The trial court agreed with the Corps’ reasoning, holding that the Corps had jurisdiction over Rapanos’ property. The 6th U.S. Circuit Court of Appeals, based in Cincinnati, upheld the trial court’s decision, prompting Rapanos’ appeal to the Supreme Court.
In Carabell, the Corps denied a permit for Macomb County, Mich., landowners to develop a condominium complex because their property contains about 15 acres of wetlands that would be filled in by the development and the landowners failed to rebut the presumption that there were less damaging practicable alternatives to their proposal. Like Rapanos, the property owners challenged the Corps’ jurisdiction over their property, asserting that the wetlands on their property were isolated from all outside waters and, therefore, didn’t fall within the Corps’ jurisdiction.
As in Rapanos, the trial court and 6th Circuit U.S. Court of Appeals held that because the property was adjacent to tributaries that feed into navigable waters (specifically Lake St. Clair, about a mile away), it had a “significant nexus to ‘waters of the United States'” and fell within the Corps’ wetlands jurisdiction.

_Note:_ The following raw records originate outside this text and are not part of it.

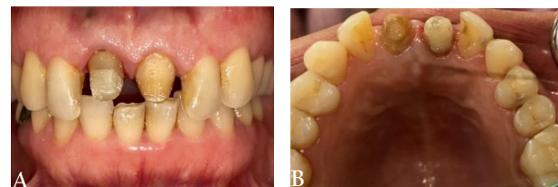
Figure 11. Post and core placed A. labial view B. palatal view

Immediately after surgery, a fiber post was placed and resin core build-up was done in relation to #11 and a fitting temporary crown was cemented with respect to #11 and #21 to guide the contour of the gingival tissues during healing (fig. 11A, 11B and 12). Final insertion of the porcelain fused metal crowns in relation to 11 and 21 was done 2 months after the crown lengthening surgery (fig. 13).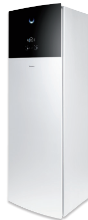
Integrated model with domestic hot water EAV(H/X/Z)-D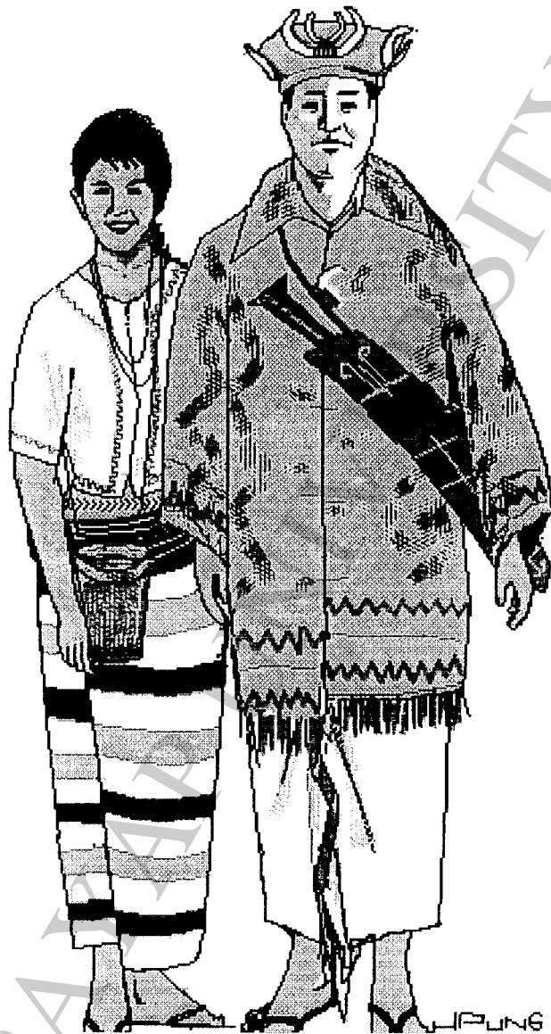
A Rawang Couple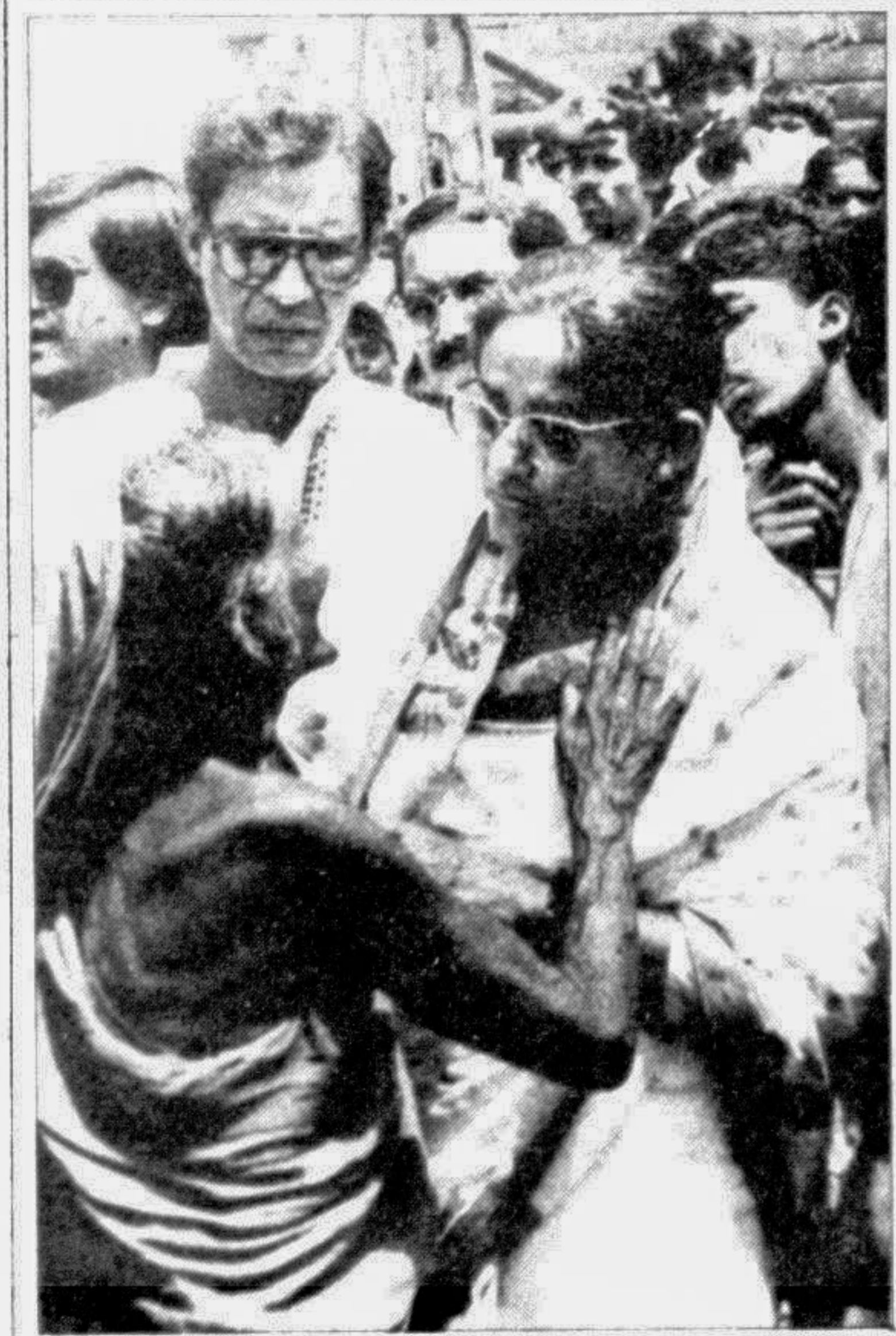
Awami League Chief and Leader of the Opposition in Parliament Sheikh Hasina consoling a fire victim during her visit to Pearabagh slum in city yesterday.

Indian External Affairs Minister Dinesh Singh said here yesterday that the SAARC was the destiny for the people of the South Asia and expressed his country's total commitment to the association, reports BSS. "We attach great importance to the SAARC," he told newsmen on arrival here and said two postponements of the seventh summit would in no way affect the regional forum adversely. "It is a matter of past and we should now look forward," Singh said and added that SAARC covered a lot of ground after it was launched under Bangladesh's leadership. He said that the second cycle of the SAARC summits beginning with the seventh See Page 12 Col 1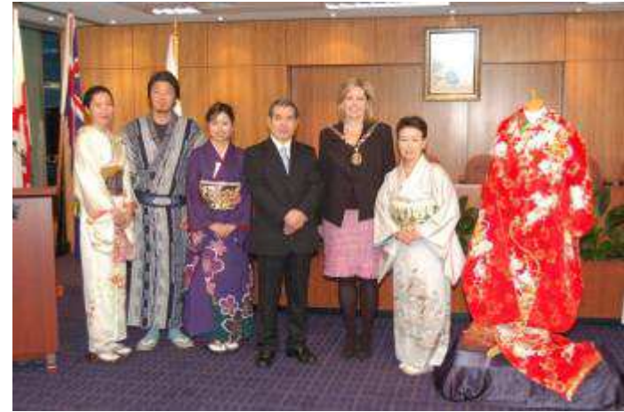
Wedding Kimono reception

If the Supreme Court limits the Corps’ jurisdiction over wetlands under the Clean Water Act to only wetlands abutting waters of the United States, “that won’t effect what developers will have to do” in most cases to get permits for wetlands development, said Carter H. Strickland, Jr., acting director and assistant clinical professor of law at the Rutgers Environmental Law Clinic in Newark, N.J. “Quite a few wetlands will remain under Corps jurisdiction because they abut waters of the United States. But more remote wetlands will really be up to states to govern. So even if the court holds that non-abutting wetlands are isolated and outside the reach of the Clean Water Act, developers may still need to apply for state permits,” he said.
“Only two states – Michigan and New Jersey – have delegated wetlands programs,” Strickland said, referring to states to which the Environmental Protection Agency has delegated its wetlands permitting power to the state. In those states, developers who need permits for most wetlands areas – both isolated and non-isolated – must apply to the state, not the Corps, and they’ll continue to do so.
Other states, such as New York, don’t have “delegated” programs, but developers must still apply to the state for permits to fill wetlands depending on the size of the project. Those existing permitting powers will also continue even if the court cuts back on federal authority.
For states that don’t have wetland programs at all, Strickland said, it’s not clear what the permit process will be if the Corps jurisdiction is limited only to abutting wetlands. In those cases, states may have a greater incentive to begin to regulate isolated wetlands, according to Strickland.
Oral argument for both cases is expected in February 2006. The court will issue its opinion by July 2006.
“I have no sense how this might come out. It’d be pure speculation” to guess, said M. Reed Hopper, principal attorney with the Pacific Legal Foundation, a California law firm representing Rapanos. “It bodes well that the court took this case after so many cases have been turned down,” Hopper said. “It’s hard to read too much into it, but perhaps the court is willing to rule, we hope, in Rapanos’ favor.”
Efforts to reach the Carabells’ attorney and the Department of Justice attorney representing the Corps were unsuccessful.